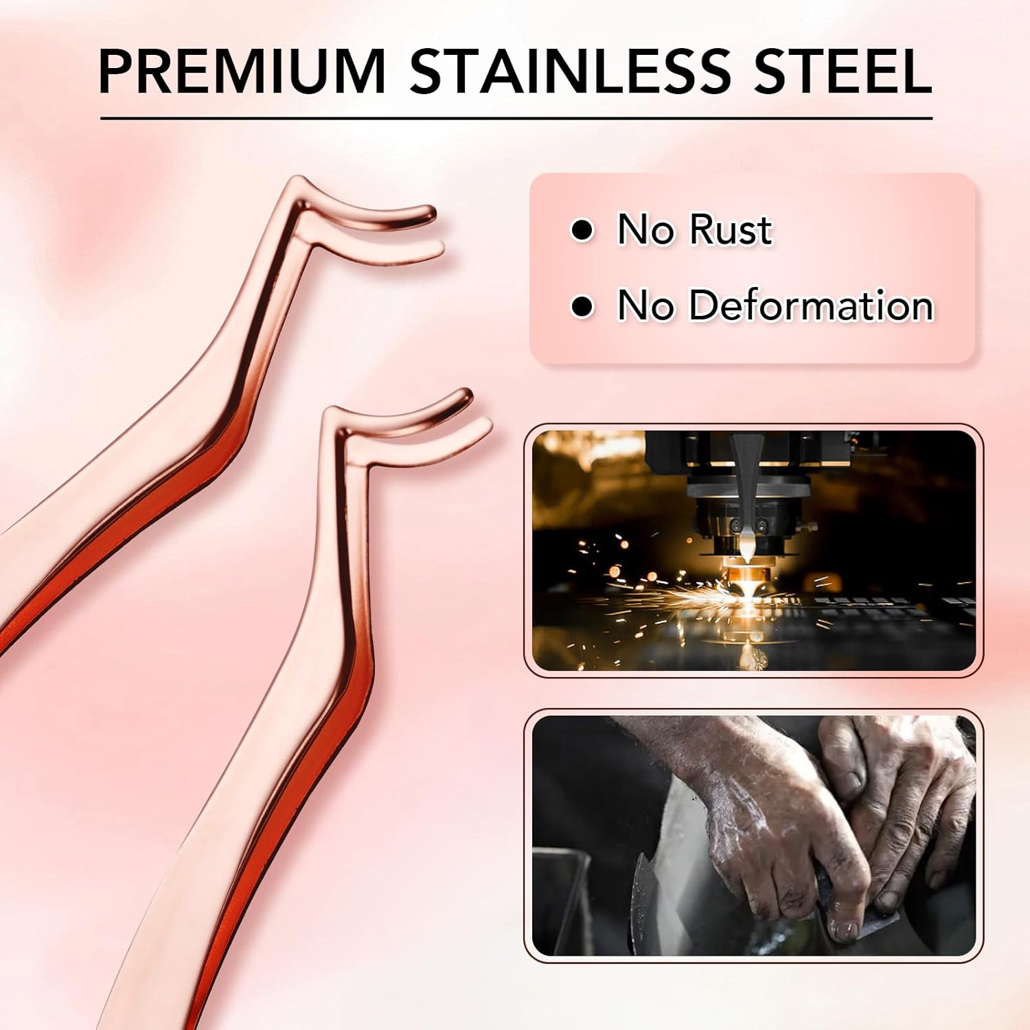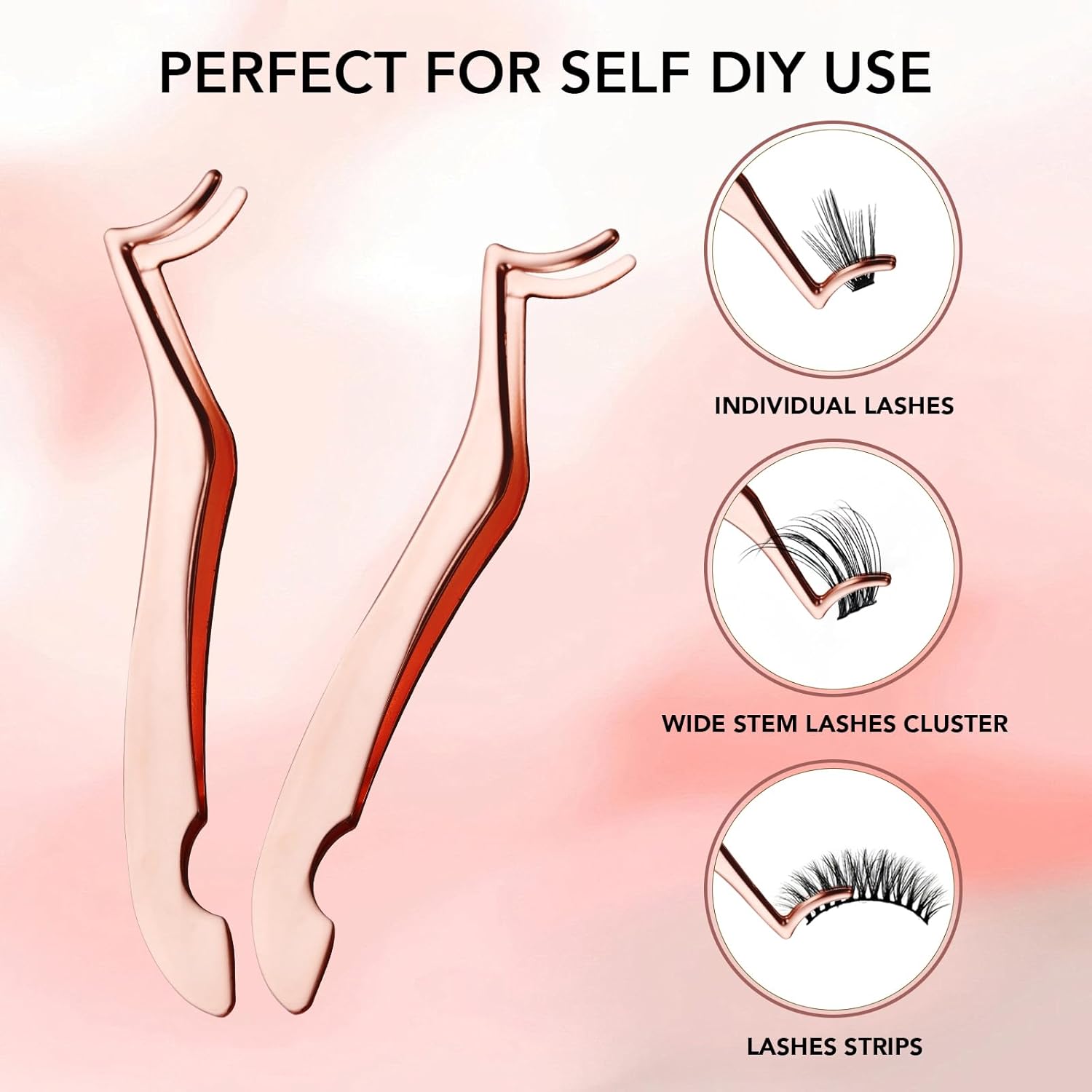 - 【 Premium Material 】 The false eyelash tweezers made of high quality stainless steel, durable and not easy to rust. The curved shaped Eyelash Applicator is very suitable for your eyes, and it is comfortable to use.TIPS: Please clean the eyelash cluster applicator after each use to ensure there is no glue residue on lashes clusters tweezers to keep them for long-term use
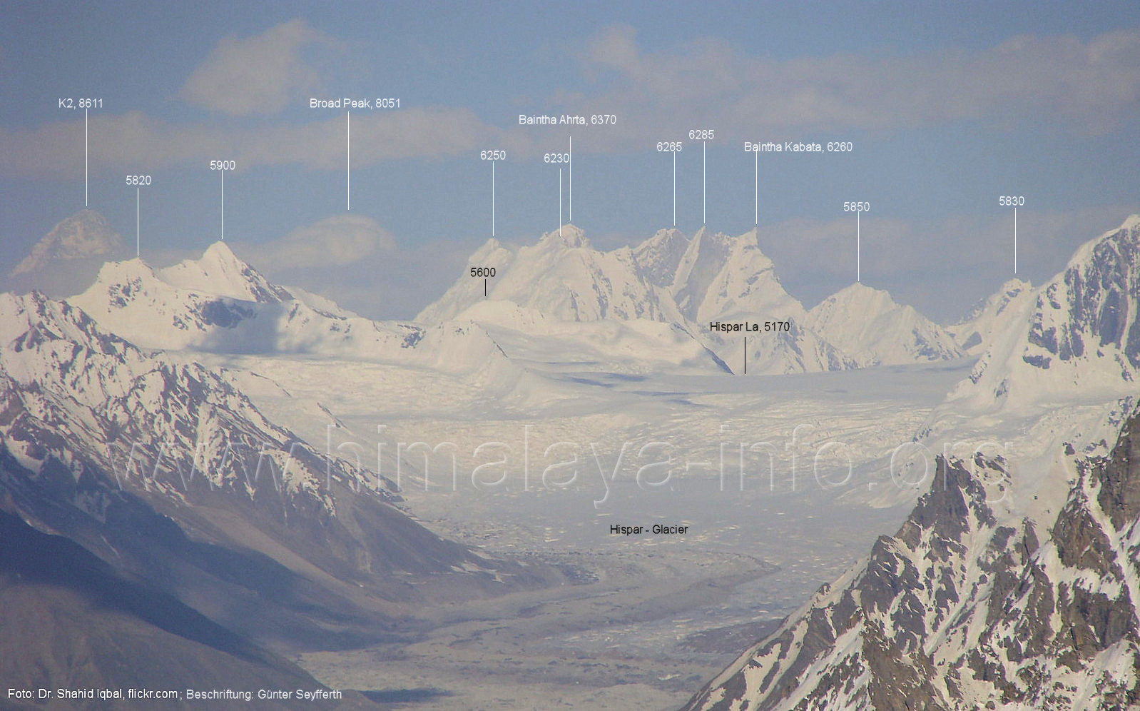 Links sieht man die östlichsten Gipfel des Hispar Muztagh. Foto: Dr. Sahid Iqbal, flickr.com; Beschriftung: Günter Seyfferth
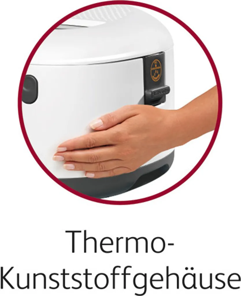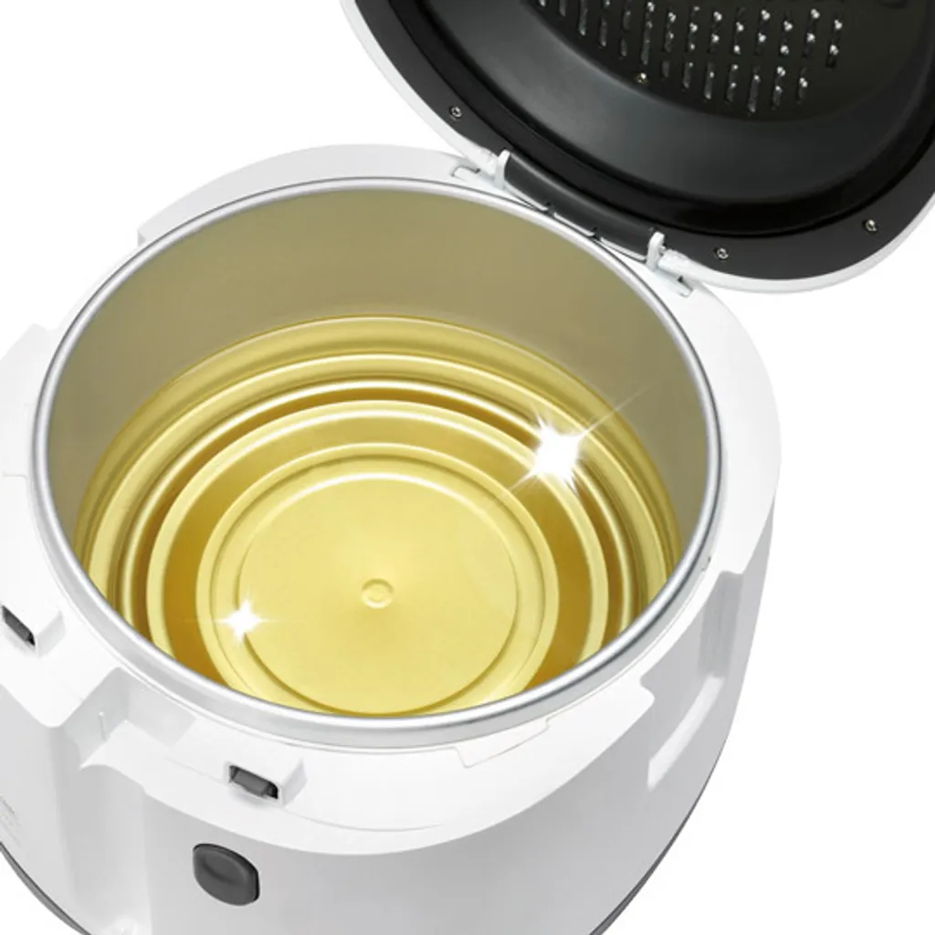 Clean-Oil-System: Das extra feine Auffangsieb filtert Frittierreste aus dem Öl Automatische Deckelöffnung Deckel, Frittierkorb und Filtersieb spülmaschinengeeignet Griff am Gehäuse wegklappbar Regelbarer Thermostat mit Temperaturkontrollleuchte Ein- / Ausschalter Thermowand mit 2 Griffen Farbe: Weiß / anthrazit
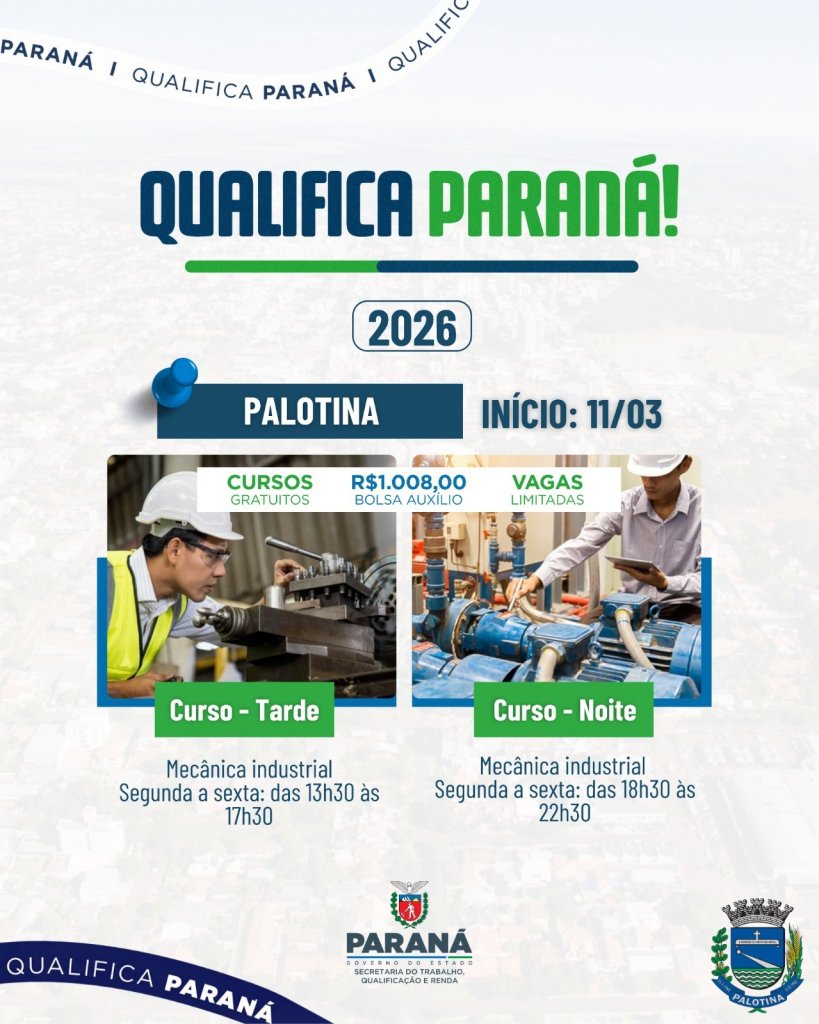 A Agência do Trabalhador de Palotina está com inscrições abertas para o curso de Mecânica Industrial, ofertado por meio do programa Qualifica Paraná. A capacitação terá início no próximo dia 11 e será realizada no município de Palotina.
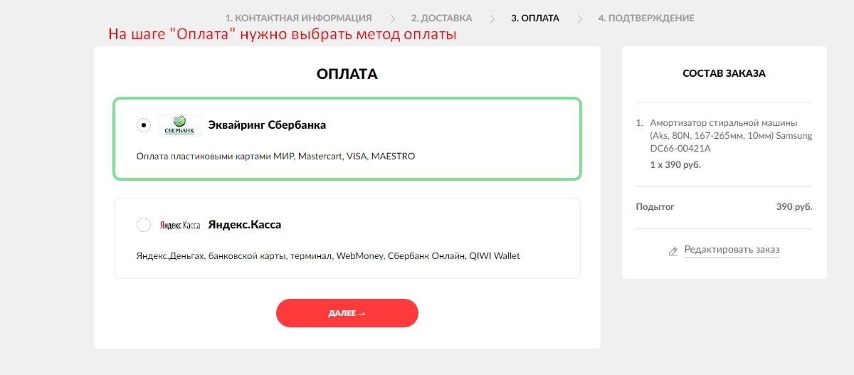 Шаг №6 (Выбор оплаты)
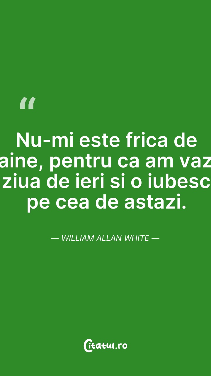 Nu-mi este frica de maine, pentru ca am vazut ... Citește tot citatul >
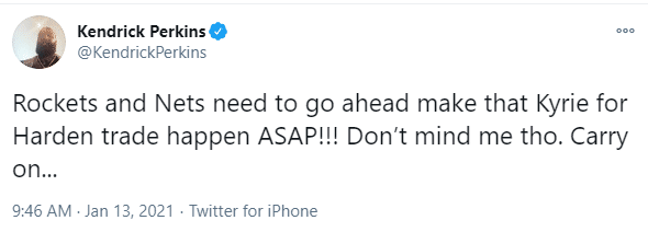 NBA名宿帕金斯在社媒表示:火箭和篮网需要马上进行交易,欧文和哈登互换交易,众所周知欧文因为个人原因已经离队许久了,欧文近两年来一直存在很多莫名其妙的操作,这对于志在争冠的篮网来说无疑是一大隐患。双方的交易是否能够达成,让我们拭目以待吧!
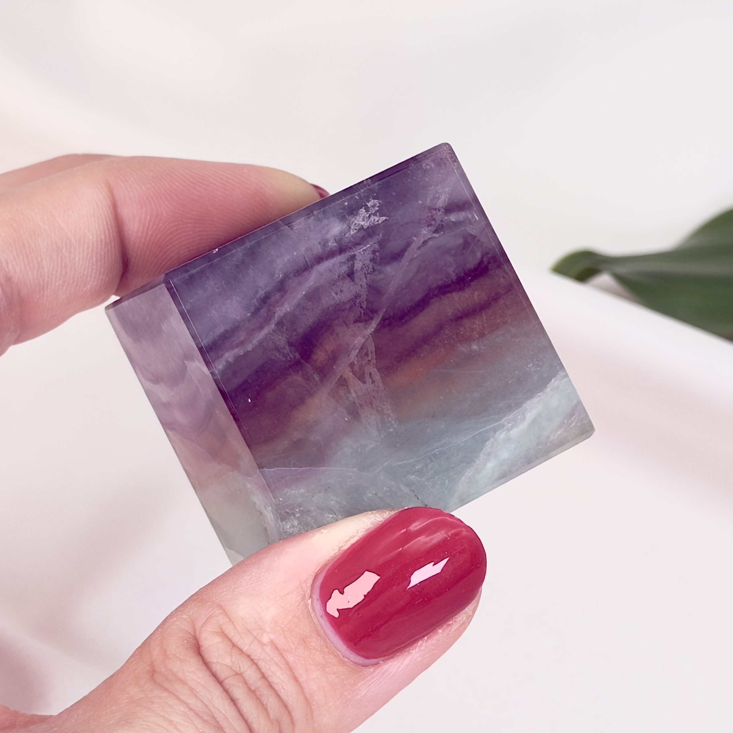 Denne Fluorit Regnbue Kube er i kategorien One-Of-A-Kind, som betyder at det er Kuben på billedet du køber
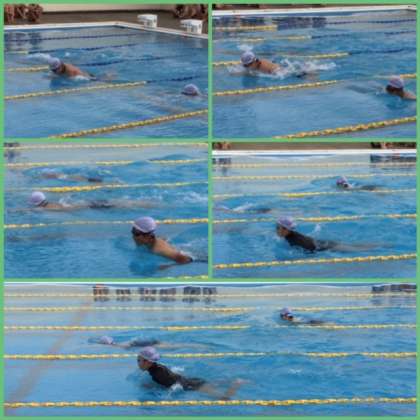 25Mバタ足、25M平泳ぎ、25M自由形、25M背泳ぎ、50M自由形と続きます。
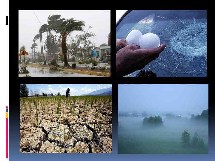 Ø метеорологического характера (бури, ураганы, смерчи, торнадо, шквалы, крупный град, ливни, сильные снегопады, морозы, метели, туманы, сильный гололед, сильная жара, заморозки, засухи);
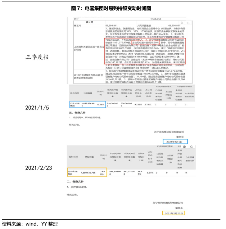 從時間線及主體來看,2021年以來電器集團共質押了近5.63億股,張近東共質押了1.12億股,主要用于補充質押和融資相關。截至2021年2月23日,蘇寧電器集團持有公司19.88%的股份,共計質押8.97億股,占所持股份的48.47%;截至2021年2月3日,張近東及一致行動人蘇寧控股集團有限公司合計持有公司24.94%股份,共計質押4.11億股,占所持股份的17.72%。
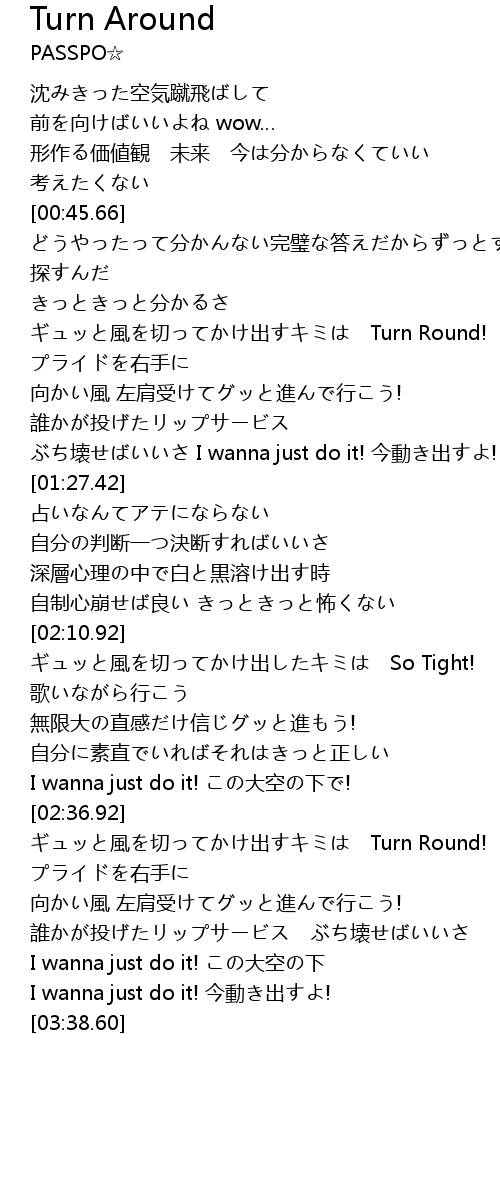 | [01:01.61] | ギュッと風を切ってかけ出すキミは Turn Round! |
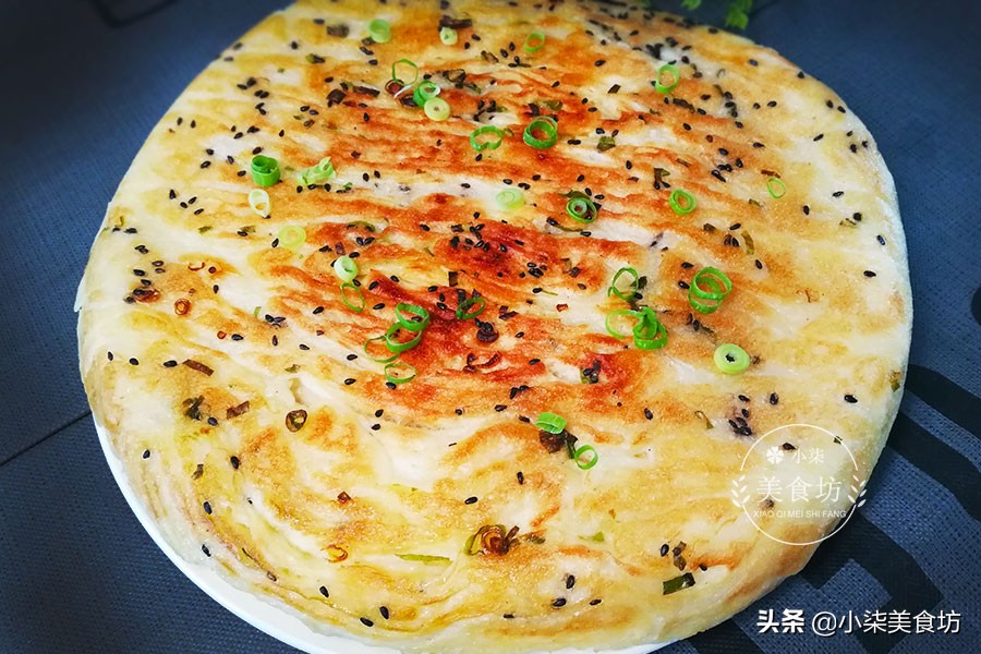 第六步:擀好的面片上抹上食用油,撒上适量的盐,喜欢吃五香粉的可以撒一点,再把葱圈撒在上面,再撒少许黑芝麻点缀。
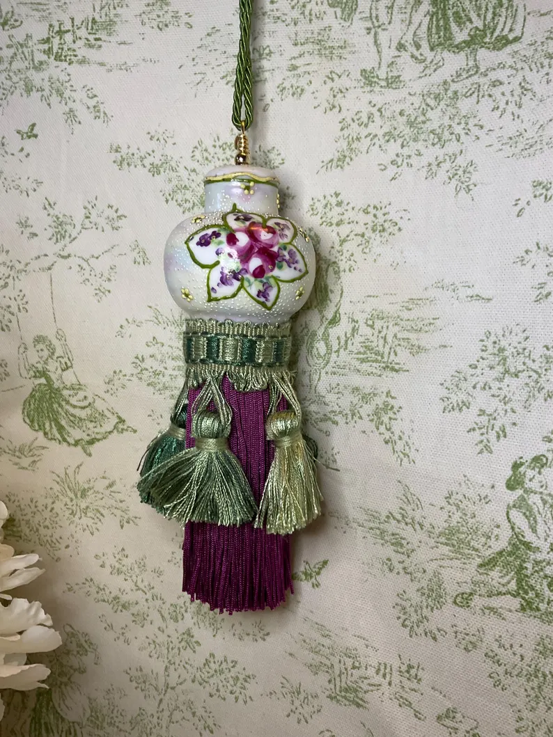 This vintage shaker wi adorned with moriage work around the hand-painted flowers. It has been crafted into a unique decorative tassel to enhance your home decor. The handcrafted tassel is a rich berry color that complements the hand painting. the tassel trim is in various shades of green.
◇ ◇ ◇ ◇ ◇ ◇ ◇
Exercise directions: Please retype the listing in full, exactly as given, and skip every image.

Output:
 - 【 Premium Material 】 The false eyelash tweezers made of high quality stainless steel, durable and not easy to rust. The curved shaped Eyelash Applicator is very suitable for your eyes, and it is comfortable to use.TIPS: Please clean the eyelash cluster applicator after each use to ensure there is no glue residue on lashes clusters tweezers to keep them for long-term use
 Links sieht man die östlichsten Gipfel des Hispar Muztagh. Foto: Dr. Sahid Iqbal, flickr.com; Beschriftung: Günter Seyfferth
 Clean-Oil-System: Das extra feine Auffangsieb filtert Frittierreste aus dem Öl Automatische Deckelöffnung Deckel, Frittierkorb und Filtersieb spülmaschinengeeignet Griff am Gehäuse wegklappbar Regelbarer Thermostat mit Temperaturkontrollleuchte Ein- / Ausschalter Thermowand mit 2 Griffen Farbe: Weiß / anthrazit
 A Agência do Trabalhador de Palotina está com inscrições abertas para o curso de Mecânica Industrial, ofertado por meio do programa Qualifica Paraná. A capacitação terá início no próximo dia 11 e será realizada no município de Palotina.
 Шаг №6 (Выбор оплаты)
 Nu-mi este frica de maine, pentru ca am vazut ... Citește tot citatul >
 NBA名宿帕金斯在社媒表示:火箭和篮网需要马上进行交易,欧文和哈登互换交易,众所周知欧文因为个人原因已经离队许久了,欧文近两年来一直存在很多莫名其妙的操作,这对于志在争冠的篮网来说无疑是一大隐患。双方的交易是否能够达成,让我们拭目以待吧!
 Denne Fluorit Regnbue Kube er i kategorien One-Of-A-Kind, som betyder at det er Kuben på billedet du køber
 25Mバタ足、25M平泳ぎ、25M自由形、25M背泳ぎ、50M自由形と続きます。
 Ø метеорологического характера (бури, ураганы, смерчи, торнадо, шквалы, крупный град, ливни, сильные снегопады, морозы, метели, туманы, сильный гололед, сильная жара, заморозки, засухи);
 從時間線及主體來看,2021年以來電器集團共質押了近5.63億股,張近東共質押了1.12億股,主要用于補充質押和融資相關。截至2021年2月23日,蘇寧電器集團持有公司19.88%的股份,共計質押8.97億股,占所持股份的48.47%;截至2021年2月3日,張近東及一致行動人蘇寧控股集團有限公司合計持有公司24.94%股份,共計質押4.11億股,占所持股份的17.72%。
 | [01:01.61] | ギュッと風を切ってかけ出すキミは Turn Round! |
 第六步:擀好的面片上抹上食用油,撒上适量的盐,喜欢吃五香粉的可以撒一点,再把葱圈撒在上面,再撒少许黑芝麻点缀。
 This vintage shaker wi adorned with moriage work around the hand-painted flowers. It has been crafted into a unique decorative tassel to enhance your home decor. The handcrafted tassel is a rich berry color that complements the hand painting. the tassel trim is in various shades of green.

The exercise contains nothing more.